OASIS Mailing List ArchivesView the OASIS mailing list archive below
or browse/search using MarkMail.


Help: OASIS Mailing Lists Help | MarkMail Help

[Date Prev][Date Next][Thread Prev][Thread Next][Date Index][Thread Index]

RE: The relentless march of abstraction

2/26/01 8:56:01 PM, Don Park <donpark@docuverse.com> wrote:

>I think infoset spec confuses people because there is no
>obvious use for it, like the way a history major would feel
>in a linear algebra class.  IMHO, 99% of XML users will find
>no use for it.  I found "Appendix D: What is not in the
>Information Set" useful as a list of what not to depend on
>when designing systems, but rest is just elevator music to me.

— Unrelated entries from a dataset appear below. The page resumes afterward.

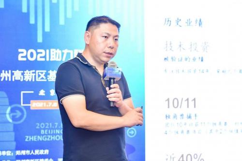 郑州高新区科技金融广场运营公司总经理王春晓就科技金融广场有关情况进行介绍。科技金融广场在高新区管委会的支持下,推出了基金管家、金融服务超市两大服务品牌,成功吸引了深创投、同创伟业、赛领资本、赛伯乐、中国风投等知名机构落户,初步建成了中部地区创投机构集聚高地。截至到2021年6月,科技金融广场已经集聚国内知名基金及基金管理机构106家,管理基金规模达500亿元。累计对外投资83家企业,累计对外投资97亿元,累计直接纳税达2.6亿元。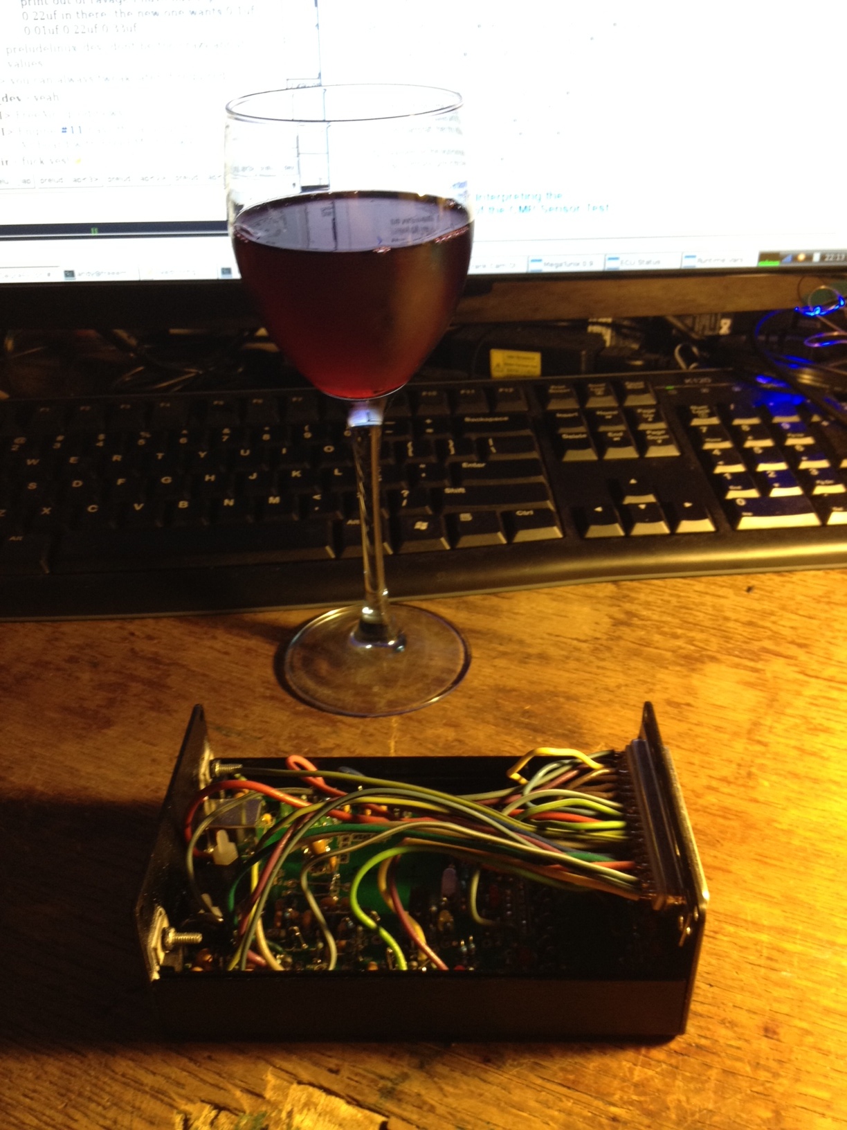 Jaguar A3 after a successful run on my 3.1L V6 relaxing with a glass of red wine in front of my development computer.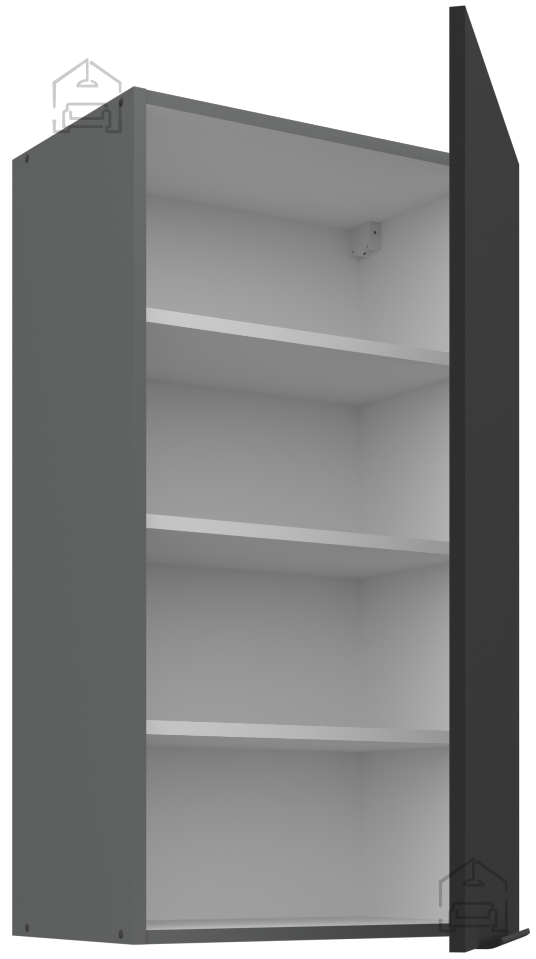Die Grundlage jedes Elements ist eine laminierte Platte mit einer Stärke von 16 mm, die Stabilität und Widerstandsfähigkeit im täglichen Gebrauch gewährleistet. Die Oberfläche ist leicht zu reinigen und resistent gegen Feuchtigkeit, Kratzer und Hitze – Eigenschaften, die in der Küche besonders wichtig sind. Schwarze und anthrazitfarbene Töne verleihen einen Hauch von Prestige und schaffen einen harmonischen Kontrast zu hellen Wänden oder natürlichen Materialien wie Holz und Stein.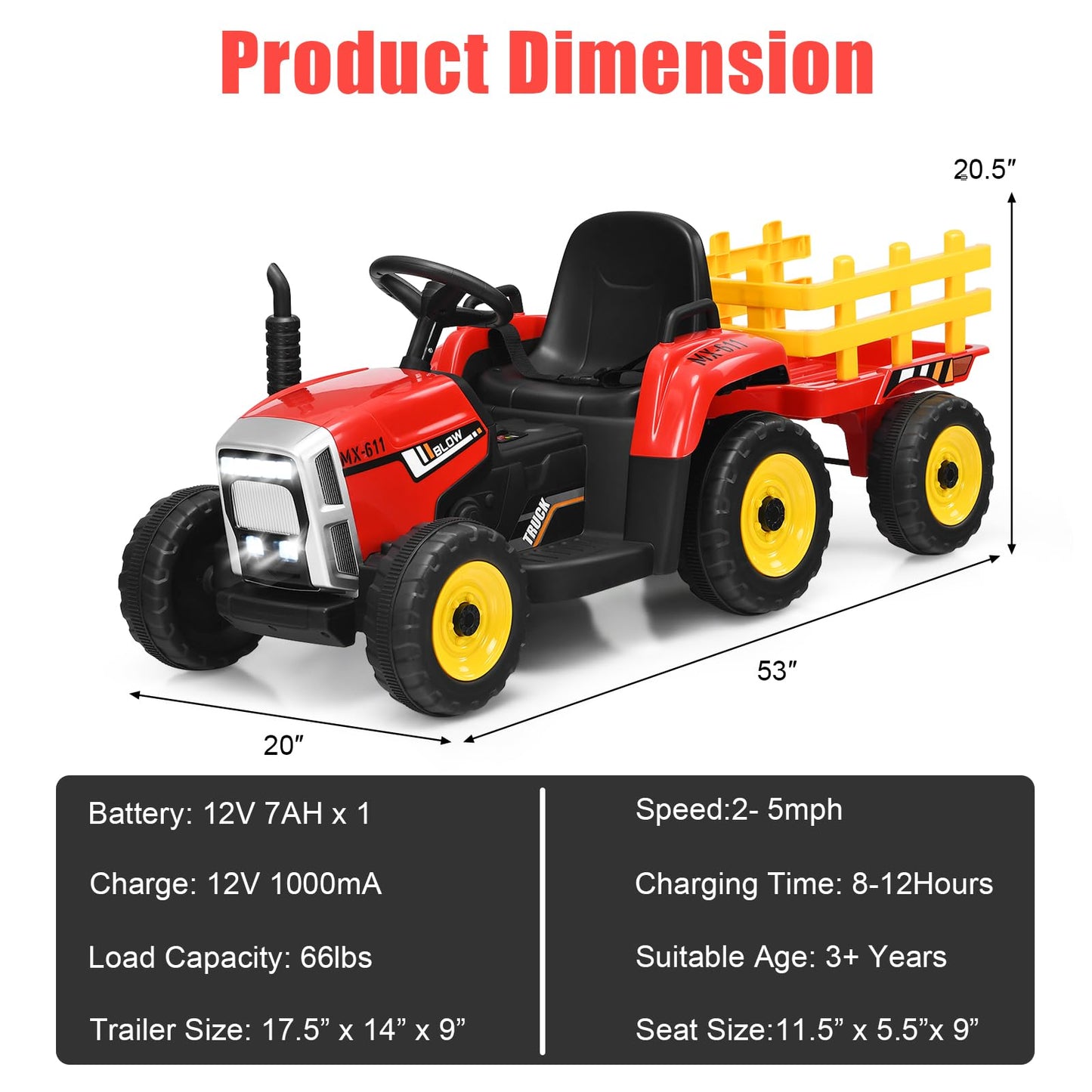 Description: This ride on tractor with trailer helps your sweetie transport toys, snacks, and leaves, exercising your child’s courage and operation coordination! Meanwhile, it comes with a 2.4G remote control that allows parents to control the speed and direction of the car to free parents from concern about their kids. Kids can move the powered ride on toys forward or backward at a high or low speed with the 3-gear shift using a corresponding switch. Built-in music, USB port, and wireless technology would let kids drive in a relaxed atmosphere. These tractor toys for boys and girls also strike the perfect balance between safety and comfortableness, reflected in the wide seat with a safety belt, parent remote, soft start, stop, etc. Features: 2 optional modes, parental remote control mode, and battery operated mode Speed and direction can be controlled by 2.4G remote control High/low speeds in manual mode, 3 variable speeds in remote mode Rechargeable design, 12V powerful motor for longer driving time Bright LED lights light up the dark surroundings and add more driving fun Wide seat with safety belt combines higher comfortableness and safety With a detachable trailer for delivering toys, grass, straw, etc Wear-resistant wheels for various roads such as the wood floor, asphalt roads, brick roads, etc Come with CPSIA and ASTM certifications for safe use Has a gear-shift handle that corresponds to two forward gears and one reverse gear Specification: Color: Black/ Dark Green/ Green/ Red/ Yellow Material: PP,Metal Size with Trailer: 53” x 20” x 20.5” (L x W x H) Size without Trailer: 33.5” x 19.5” x 20.5” (L x W x H) Net Weight: 29 lbs Weight Capacity: 66 lbs Battery: 12V 7AH x 1 Charger: 12V 700MA~1000MA Speed: 3 – 8 km/h Suitable Age: 3+ Years Charge Time: 8-12 hours Package Includes: 1 x Ride On Tractor 1 x Instruction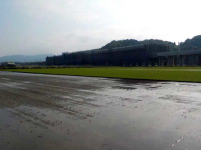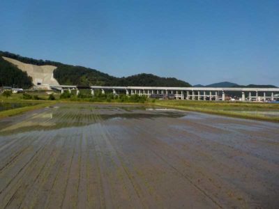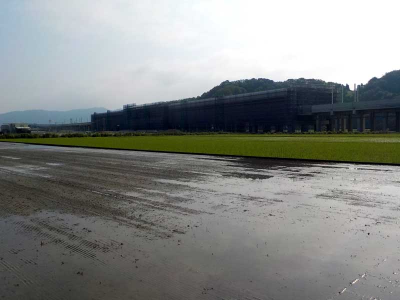一番最後は越前市の北にある田んぼ。もう少し行くと鯖江市という場所で、越前市の北から南と割と広範囲で稲作を行っています。面白いのが、土質が地域によって全く違うこと。砂地だと大昔は川だったり、赤土だとそれ程昔ではない頃に開墾した田んぼかな?と思ったりもします。

I think it confuses people because it's a description of an abstract model, 
not a concrete programming API.  The way I see it (yeah, I was a math major), 
the infoset model specifies which aspects of an XML document are invariant 
under certain (editing) transformations of that document.  For example, '$', 
'&#36', and '&#x24' make exactly the same contribution to the infoset, and 
therefore any application that relies on the infoset should not change its 
behavior if the particular method of writing a dollar sign in the source 
document changes (I picked the dollar sign because in WML, a literal dollar 
sign has different semantics from a dollar sign written as a numeric character 
reference.  This sort of dependency severely constrains parser APIs).

Note that there are always going to be some applications that do require 
purely lexical information about documents.  If you have a book in which each 
chapter is physically represented as an external parsed entity and you want to 
run it through a filter that looks up and inserts details for bibliographic 
references, you really do want its output to have the same physical entity 
structure as its input, rather than condensing the entire book into a single 
parsed entity.  But many applications don't require those lexical details, and 
an abstract model like the infoset tells implementers what details they can 
handle themselves and what details they can delegate to the parser.